JEPSEN

Repeatable Read

Repeatable read is closely related to serializability, but unlike serializable, it allows phantoms: if a transaction T1 reads a predicate, like "the set of all people with the name “Dikembe”, then another transaction T2 may create or modify a person with the name “Dikembe” before T1 commits. Individual objects are stable once read, but the predicate itself may not be.

Repeatable read is a transactional model: operations (usually termed “transactions”) can involve several primitive sub-operations performed in order. It is also a multi-object property: operations can act on multiple objects in the system.

Repeatable read cannot be totally available; in the presence of network partitions, some or all nodes may be unable to make progress. For total availability, at the cost of allowing fuzzy reads, consider read committed.

Repeatable read implies cursor stability, read committed, etc.

Note that repeatable read does not impose any real-time constraints. If process A completes write w, then process B begins a read r, r is not necessarily guaranteed to observe w. For a transactional model that provides real-time constraints, consider strict serializability.

Moreover, repeatable read does not require a per-process order between transactions. A process can observe a write, then fail to observe that same write in a subsequent transaction. In fact, a process can fail to observe its own prior writes, if those writes occurred in different transactions.

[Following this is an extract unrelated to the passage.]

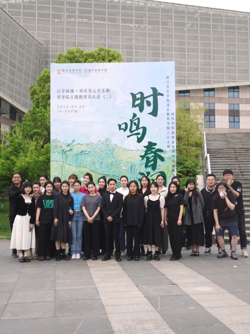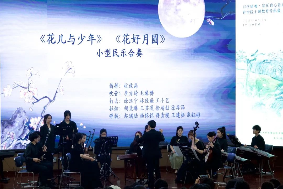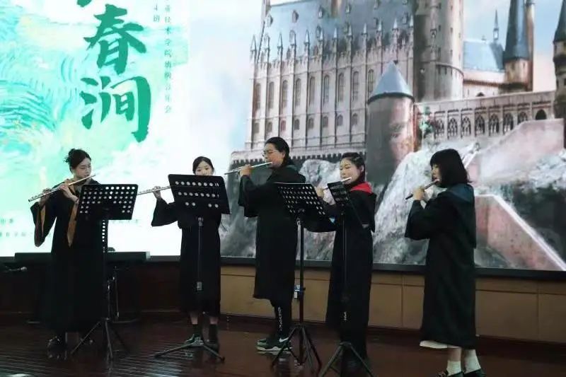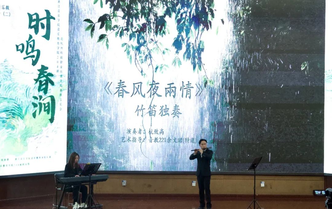 音乐教育学院组织班级赴杭州科技职业技术学院开展文艺宣讲音乐会 为深入推进学习贯彻习近平新时代中国特色社会主义思想主题教育,音乐教育学院组织音教204班的同学们走出学校,走进杭州科技职业技术学院开展了一场推动高雅艺术进校园、弘扬民族文化的学习实践活动。  全体同学在音教学院团委书记、学工办主任张冉冉老师、班主任林静老师及全体辅导员的带领下来到杭州科技职业技术学院,开展了一场别开生面的艺术宣讲班级音乐会。两校的同学们一起用琴声展现自我,描绘时代青春;用舞蹈传递力量,焕发青年活力。 一、重奏    长笛重奏曲《沃尔塔瓦河》等以丰富的表现力与优美的音乐而广为流传。无论是结构还是音乐上都通俗易懂,曲调明快、欢乐,是人们幸福生活、开朗情绪的写照,展现了神话般的幻想、大自然的神秘色彩和诗情画意。   弦乐四重奏和管弦重奏的两首作品演奏,让观众们陶醉其中,带来视听上的一种别样的感受。  古筝的灵动与弹性,代替了钢琴丰富多彩的和弦铺垫与打击乐复杂多变的节奏,使《动感弹拨》整首乐曲充满了现代气息及火热的激情,既有拉美流行音乐的韵律,又不失中国传统音乐的风味。  琵琶二重奏《彝族舞曲》以抒情优美的旋律,粗犷强烈的节奏,描绘了迷人的夜色和人们欢乐舞蹈的场面,富有浓郁的民族特点和强烈的时代气息。   笛子四重奏《春到湘江》表现了湘江两岸秀丽的春光和人们欢欣鼓舞建设家园的壮志豪情。以其鲜明的湖南花鼓音乐特色,时而激情如火,时而流畅清雅的旋律,而被广为流传。作为江南丝竹八大曲之一的《中花六板》,旋律清新流畅,细腻柔美,富有浓郁的江南韵味,是江南丝竹的代表曲目。 二、独唱、独奏    声乐独唱歌曲《我的灵魂随风飘扬》是一首追忆曲,“故人并不是离开,而是在这自然的风中一直停留在你身边”。爱和慰藉随风飘扬,世间美好与你环环相扣。 琵琶独奏《云想·花想》,洋溢着浪漫的情怀,把人们带进古朴、婉转的乐章中,充分展现了琵琶的独特魅力,展现了如诉如泣、娓娓道来的深切情丝。 笛子独奏以高昂明亮的曲调表现出风光明媚的秀丽春晨景色。从缓慢叙述着浪漫的情愫,到呈《春风夜雨情》现出两情相悦的欢乐情感,最后以思念的心情,结束在甜美的记忆里。 三、合奏  《花儿与少年》取材于青海民歌,融入了“花儿”的旋律。其曲调高亢悠扬,歌曲表达自由率真,有“西北之魂”之称,是一首流传地域广泛的具有西北特色的民族音乐。 《花好月圆》该曲采用带再现的单三部曲式,旋律简洁欢快,朴实自然,感情真挚,意境深远,抒发了人们乐观的情绪和对美好前景的憧憬与追求。 四、舞蹈  来自杭科院T.B.E街舞社的负责人和大一新社员,会在流行音乐《Antifragile》的动感节拍中通过多变而又整齐的齐舞展示出青春与活力,用他们动感的舞姿解放灵魂,撑起美的曲线。 这是一场专业与实践相结合的音乐会,从器乐、声乐到舞蹈,从独唱、独奏到重奏、协奏与合奏,从传统民族音乐到西方经典音乐和影视流行作品,音教204班的同学们充分发挥自身特色与优势,带来了内容形式丰富多彩的音乐盛宴。一首首蕴含着不同时代特色、民族情感的作品萦绕在所有师生们的耳畔和心中。

Like serializability, repeatable read allows pathological orderings. For instance, a repeatable-read database can always return the empty state for any reads, by appearing to execute those reads at time 0. It can also discard write-only transactions by reordering them to execute at the very end of the history, after any reads. Operations like increments can also be discarded, assuming the result of the increment is never observed. Luckily, most implementations don’t seem to take advantage of these optimization opportunities.

Formally

The ANSI SQL 1999 spec specifies repeatable read as read committed but disallowing phenomenon P2:

P2 (“Non-repeatable read”): SQL-transaction T1 reads a row. SQL-transaction T2 then modifies or deletes that row and performs a COMMIT. If T1 then attempts to reread the row, it may receive the modified value or discover that the row has been deleted.

However, as Berenson, Bernstein, et al observed, the ANSI specification allows multiple intepretations, and one of those interpretations (the "anomaly interpretation) still admits nonserializable histories for “serializable” systems. Instead, we prefer Adya’s formalization of transactional isolation levels, which provides a concise definition of the preventative interpretation. In this model, repeatable read prohibits:

  • P0 (Dirty Write): w1(x) … w2(x)
  • P1 (Dirty Read): w1(x) … r2(x)
  • P2 (Fuzzy Read): r1(x) … w2(x)

but allows:

  • P3 (Phantom): r1(P) … w2(y in P)

Here w denotes a write, r denotes a read, and subscripts indicate the transaction which executed that operation. The notation “…” indicates a series of micro-operations except for a commit or abort. P indicates a predicate. Note that unlike the ANSI SQL spec, T1 does not necessarily execute a second read; modification of the predicate is enough.